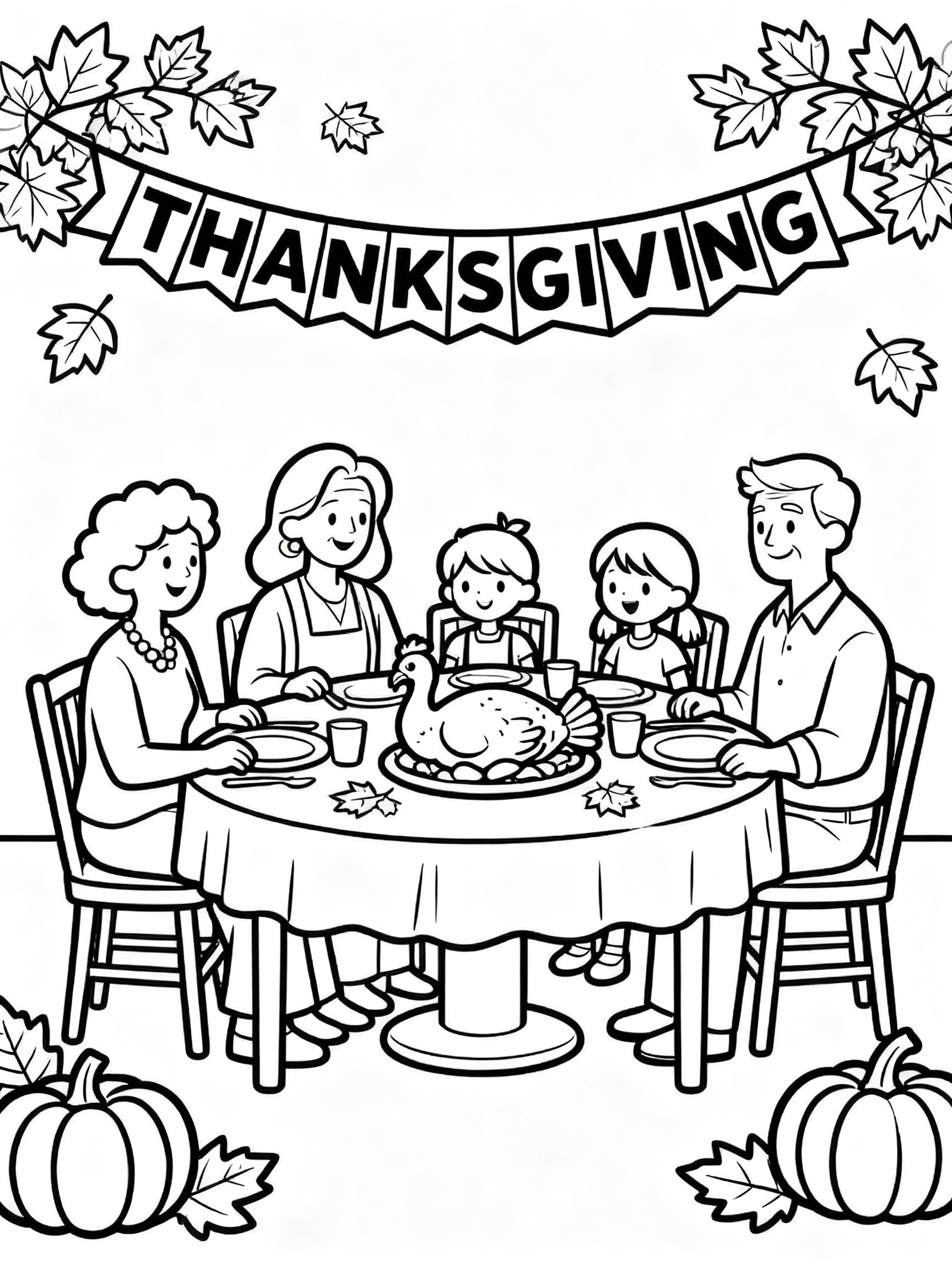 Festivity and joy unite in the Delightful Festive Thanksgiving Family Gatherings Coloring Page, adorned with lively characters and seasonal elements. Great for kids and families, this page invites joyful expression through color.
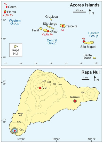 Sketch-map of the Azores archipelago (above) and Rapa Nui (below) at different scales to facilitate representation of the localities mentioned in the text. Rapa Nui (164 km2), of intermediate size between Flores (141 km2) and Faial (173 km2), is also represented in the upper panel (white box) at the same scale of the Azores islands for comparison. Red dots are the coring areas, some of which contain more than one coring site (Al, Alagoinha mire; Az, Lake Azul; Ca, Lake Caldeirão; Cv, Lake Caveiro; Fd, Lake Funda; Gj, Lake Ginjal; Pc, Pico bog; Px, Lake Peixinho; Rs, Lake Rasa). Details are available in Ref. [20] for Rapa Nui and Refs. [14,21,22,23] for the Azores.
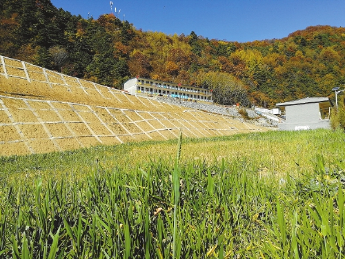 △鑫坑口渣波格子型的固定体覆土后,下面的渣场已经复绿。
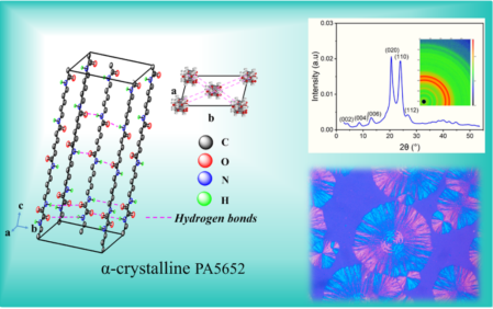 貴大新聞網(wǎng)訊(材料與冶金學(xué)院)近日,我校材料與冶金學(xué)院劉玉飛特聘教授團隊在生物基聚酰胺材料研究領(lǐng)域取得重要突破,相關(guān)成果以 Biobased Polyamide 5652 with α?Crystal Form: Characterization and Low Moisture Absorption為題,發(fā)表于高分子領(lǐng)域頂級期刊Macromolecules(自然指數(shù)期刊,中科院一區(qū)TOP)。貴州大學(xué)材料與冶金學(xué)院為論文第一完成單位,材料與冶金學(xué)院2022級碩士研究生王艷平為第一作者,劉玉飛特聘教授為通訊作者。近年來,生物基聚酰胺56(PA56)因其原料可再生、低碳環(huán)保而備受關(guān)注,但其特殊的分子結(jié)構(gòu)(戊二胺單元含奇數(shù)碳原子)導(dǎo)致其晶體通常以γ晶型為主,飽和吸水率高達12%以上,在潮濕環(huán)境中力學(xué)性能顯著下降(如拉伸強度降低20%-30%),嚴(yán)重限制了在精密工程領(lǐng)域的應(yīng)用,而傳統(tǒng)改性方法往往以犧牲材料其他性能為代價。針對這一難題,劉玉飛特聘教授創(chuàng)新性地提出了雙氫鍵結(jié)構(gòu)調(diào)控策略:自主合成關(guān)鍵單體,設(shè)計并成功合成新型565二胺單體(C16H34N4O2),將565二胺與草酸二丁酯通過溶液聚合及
==
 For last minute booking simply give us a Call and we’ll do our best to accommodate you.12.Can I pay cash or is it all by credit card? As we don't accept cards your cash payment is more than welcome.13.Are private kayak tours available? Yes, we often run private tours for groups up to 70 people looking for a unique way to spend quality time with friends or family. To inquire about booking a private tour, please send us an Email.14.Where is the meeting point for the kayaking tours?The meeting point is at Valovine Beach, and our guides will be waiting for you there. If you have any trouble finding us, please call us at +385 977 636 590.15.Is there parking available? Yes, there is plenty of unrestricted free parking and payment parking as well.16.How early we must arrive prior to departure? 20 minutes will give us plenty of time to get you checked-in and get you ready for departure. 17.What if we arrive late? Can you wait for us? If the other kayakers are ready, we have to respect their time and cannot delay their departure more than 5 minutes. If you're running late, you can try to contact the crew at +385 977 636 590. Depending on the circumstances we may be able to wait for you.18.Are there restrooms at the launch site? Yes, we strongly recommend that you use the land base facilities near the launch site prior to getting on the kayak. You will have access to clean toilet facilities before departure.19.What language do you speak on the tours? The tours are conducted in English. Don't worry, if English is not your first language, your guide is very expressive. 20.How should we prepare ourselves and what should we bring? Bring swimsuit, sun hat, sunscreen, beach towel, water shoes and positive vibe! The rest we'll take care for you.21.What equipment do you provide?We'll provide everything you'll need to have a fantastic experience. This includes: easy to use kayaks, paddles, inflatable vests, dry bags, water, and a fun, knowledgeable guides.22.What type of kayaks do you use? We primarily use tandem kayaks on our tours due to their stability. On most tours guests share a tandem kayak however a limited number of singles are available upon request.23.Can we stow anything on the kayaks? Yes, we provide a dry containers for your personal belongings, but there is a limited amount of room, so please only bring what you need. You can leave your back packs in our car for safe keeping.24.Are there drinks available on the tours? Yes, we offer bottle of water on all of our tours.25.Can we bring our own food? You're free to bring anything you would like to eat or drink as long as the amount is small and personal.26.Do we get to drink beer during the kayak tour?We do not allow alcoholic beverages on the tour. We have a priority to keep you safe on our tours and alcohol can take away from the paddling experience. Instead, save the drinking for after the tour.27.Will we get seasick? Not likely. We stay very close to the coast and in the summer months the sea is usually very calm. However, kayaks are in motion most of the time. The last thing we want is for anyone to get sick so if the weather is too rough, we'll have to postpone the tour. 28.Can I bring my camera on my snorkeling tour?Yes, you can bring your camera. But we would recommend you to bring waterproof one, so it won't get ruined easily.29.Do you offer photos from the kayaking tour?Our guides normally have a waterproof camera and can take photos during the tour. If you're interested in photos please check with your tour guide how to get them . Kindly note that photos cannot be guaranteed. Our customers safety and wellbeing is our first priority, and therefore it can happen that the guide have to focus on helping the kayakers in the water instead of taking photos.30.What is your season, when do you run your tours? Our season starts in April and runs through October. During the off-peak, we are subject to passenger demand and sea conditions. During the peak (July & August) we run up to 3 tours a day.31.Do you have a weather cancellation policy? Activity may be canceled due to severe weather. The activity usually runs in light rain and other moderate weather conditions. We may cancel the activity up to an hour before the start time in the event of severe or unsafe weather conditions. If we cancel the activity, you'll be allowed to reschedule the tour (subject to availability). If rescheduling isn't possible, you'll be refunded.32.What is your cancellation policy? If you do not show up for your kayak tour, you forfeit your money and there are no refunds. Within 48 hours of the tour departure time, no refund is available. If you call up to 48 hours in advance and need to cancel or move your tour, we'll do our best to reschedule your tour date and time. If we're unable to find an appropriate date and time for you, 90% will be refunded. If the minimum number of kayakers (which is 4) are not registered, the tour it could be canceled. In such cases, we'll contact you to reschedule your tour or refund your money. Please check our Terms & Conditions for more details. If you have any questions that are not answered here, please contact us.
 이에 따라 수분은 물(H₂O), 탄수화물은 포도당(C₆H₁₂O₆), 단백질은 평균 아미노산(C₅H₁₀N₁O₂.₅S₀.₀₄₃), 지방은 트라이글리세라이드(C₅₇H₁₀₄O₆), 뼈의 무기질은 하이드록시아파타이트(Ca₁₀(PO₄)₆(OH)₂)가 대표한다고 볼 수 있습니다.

# [Work required]
In the listing above, find the line with "Festivity and joy" and the line with "Biobased Polyamide 5652". Copy both of them and every line between, exactly, but not the pictures.

# [Exercise output]
 Festivity and joy unite in the Delightful Festive Thanksgiving Family Gatherings Coloring Page, adorned with lively characters and seasonal elements. Great for kids and families, this page invites joyful expression through color.
 Sketch-map of the Azores archipelago (above) and Rapa Nui (below) at different scales to facilitate representation of the localities mentioned in the text. Rapa Nui (164 km2), of intermediate size between Flores (141 km2) and Faial (173 km2), is also represented in the upper panel (white box) at the same scale of the Azores islands for comparison. Red dots are the coring areas, some of which contain more than one coring site (Al, Alagoinha mire; Az, Lake Azul; Ca, Lake Caldeirão; Cv, Lake Caveiro; Fd, Lake Funda; Gj, Lake Ginjal; Pc, Pico bog; Px, Lake Peixinho; Rs, Lake Rasa). Details are available in Ref. [20] for Rapa Nui and Refs. [14,21,22,23] for the Azores.
 △鑫坑口渣波格子型的固定体覆土后,下面的渣场已经复绿。
 貴大新聞網(wǎng)訊(材料與冶金學(xué)院)近日,我校材料與冶金學(xué)院劉玉飛特聘教授團隊在生物基聚酰胺材料研究領(lǐng)域取得重要突破,相關(guān)成果以 Biobased Polyamide 5652 with α?Crystal Form: Characterization and Low Moisture Absorption為題,發(fā)表于高分子領(lǐng)域頂級期刊Macromolecules(自然指數(shù)期刊,中科院一區(qū)TOP)。貴州大學(xué)材料與冶金學(xué)院為論文第一完成單位,材料與冶金學(xué)院2022級碩士研究生王艷平為第一作者,劉玉飛特聘教授為通訊作者。近年來,生物基聚酰胺56(PA56)因其原料可再生、低碳環(huán)保而備受關(guān)注,但其特殊的分子結(jié)構(gòu)(戊二胺單元含奇數(shù)碳原子)導(dǎo)致其晶體通常以γ晶型為主,飽和吸水率高達12%以上,在潮濕環(huán)境中力學(xué)性能顯著下降(如拉伸強度降低20%-30%),嚴(yán)重限制了在精密工程領(lǐng)域的應(yīng)用,而傳統(tǒng)改性方法往往以犧牲材料其他性能為代價。針對這一難題,劉玉飛特聘教授創(chuàng)新性地提出了雙氫鍵結(jié)構(gòu)調(diào)控策略:自主合成關(guān)鍵單體,設(shè)計并成功合成新型565二胺單體(C16H34N4O2),將565二胺與草酸二丁酯通過溶液聚合及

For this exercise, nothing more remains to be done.